Records from a data source
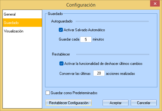 un salvado automático cada X tiempo (por defecto viene definido para guardar
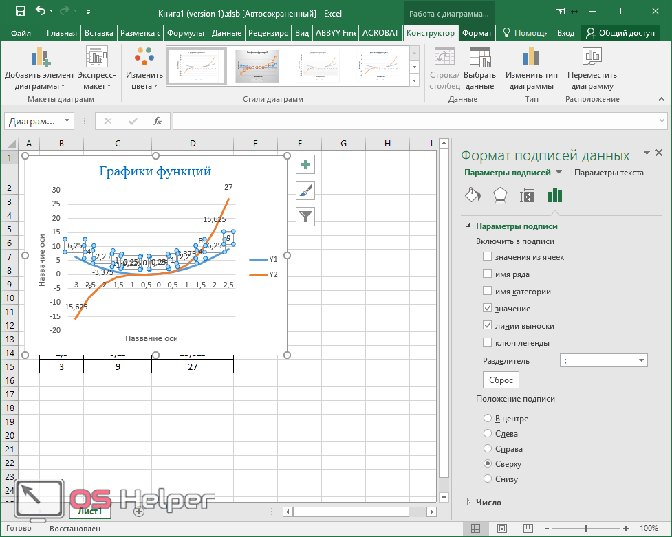 В результате этого возле каждого значения появится цифра, по которой и был построен график. В некоторых случаях это облегчает анализ.
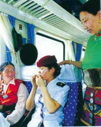青藏铁路处于海拔高度2 808~5 072米之间,大部分运行在海拔4 000米左右。缺氧,是对登上高原旅客的“第一威胁”。一般来说,海拔4 000米以上地段,旅客需要补充氧气。每节车厢的配置有两套供氧系统:一套是“弥散式”供氧,通过混合空调系统中的空气供氧,使每节车厢含氧量都保持在适当的水平,氧浓度达23.5%~25%,旅客如同进入“氧吧”。我们知道,氧气的分压在任何海拔高度均占大气压的21%,如果氧分压每增加1%,则约相当于降低海拔300米,如以平均氧增至24% 计,则约等于下降了900米。唐古拉山铁路运行高度为海拔4 000~4 500米,则通过弥散式供氧,等于在海拔3 000~3 500米高度运行,大大缓解了低氧程度,这在世界高山铁路上是独一无二的。另一套是独立的接口吸氧,如果有旅客需要更多的氧气,或发生高原反应时,只要您向乘务员提出,就可帮助您随时用吸氧管吸入氧气。每节车厢的制氧机和储氧瓶,都很巧妙地设在车厢底部的封闭箱里。另外列车的密封性能极好,保证了客车供氧的效果。
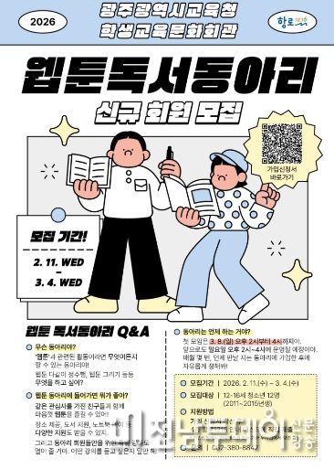 전남투데이 김경민 기자 | 광주시교육청학생교육문화회관은 오는 11일부터 3월 4일까지 12~16세 청소년을 대상으로 자율 활동 중심의 ‘웹툰 독서동아리’ 회원을 모집한다.
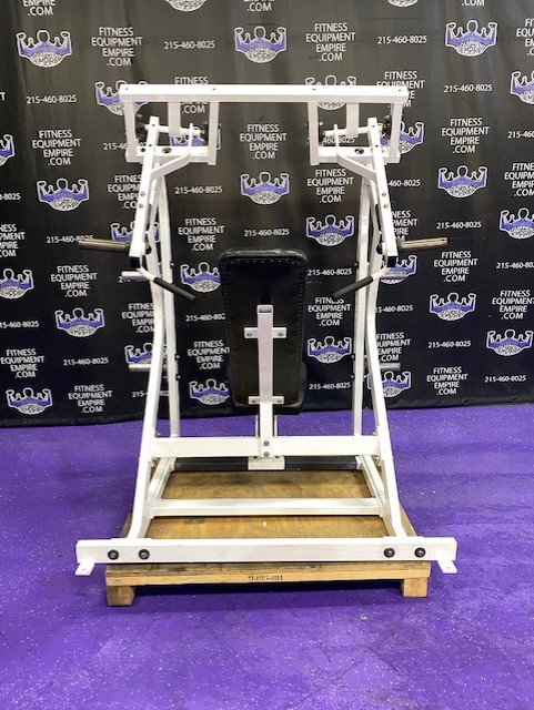 Cybex VR2 dual axis converging incline chest press. The cool thing with this unit is that it’s not a fixed range of motion. You can change the angles, go wide, go close, converge etc. This machine is belt driven and has a 300 lb. stack! This machine is super smooth, built like a tank and will annihilate your pecs. This unit is in beautiful condition.
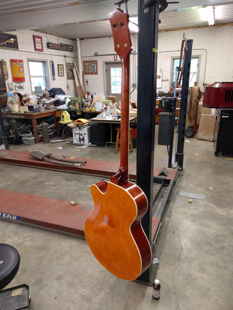 We can't take credit for the idea of the suspension jig. I saw someone else's build thread where they were finishing the body of their guitar and had it suspended via what looked like a clothes hanger through a pot hole in the face. We figured, why not do that with the whole guitar? I didn't have any input into the hanger design, though. That was entirely my old man's work. And I think he did a good job. The cotter pin in the top is a VERY good idea.
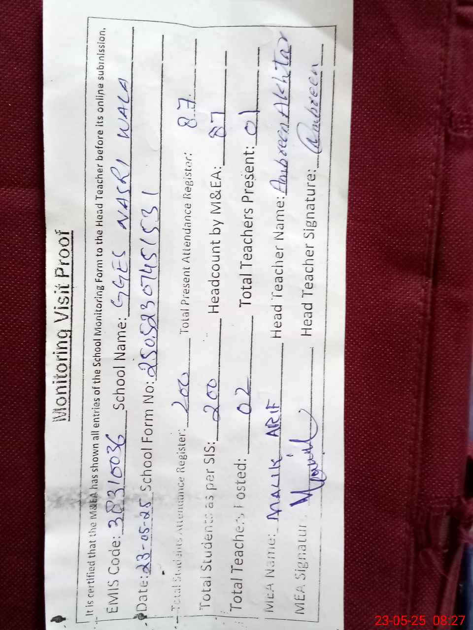 | Attendance Register | Head Teacher | MEA with School | Visit Proof |
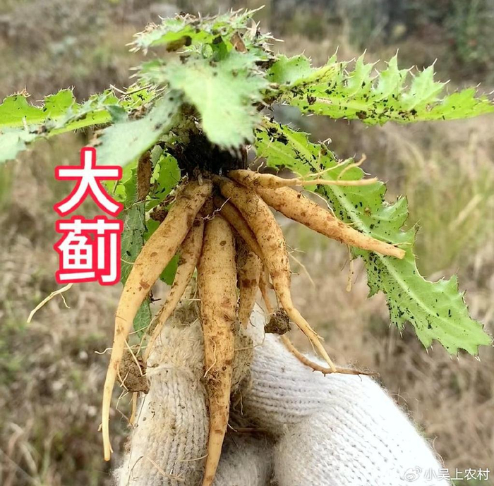 大蓟的茎叶上面长有刺,用手触摸有点扎手,但是嫩茎叶可以采摘来当野菜吃,可以凉拌也可以炒来吃,尤其是它的地下根茎似萝卜一样,常用来煲汤,且味道鲜美。
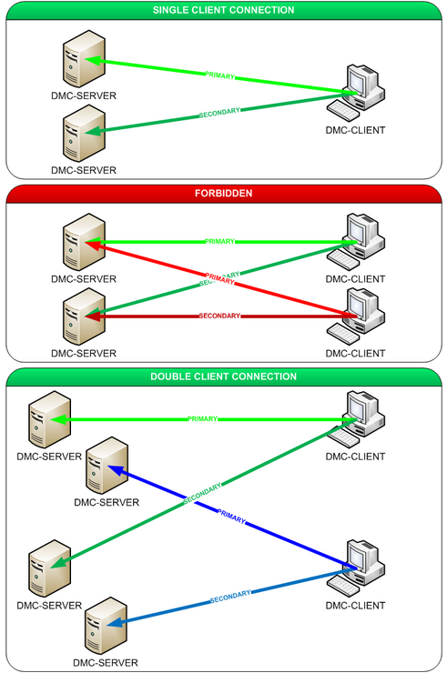 The figure above illustrates the 1:1 client-server connectivity of .

• HOW TO COMPLETE THIS TASK: Copy out nothing but the lines from the beginning of the records through the one that contains "В результате этого". Skip the pictures.

• RESULT OF THE EXERCISE:
 un salvado automático cada X tiempo (por defecto viene definido para guardar
 В результате этого возле каждого значения появится цифра, по которой и был построен график. В некоторых случаях это облегчает анализ.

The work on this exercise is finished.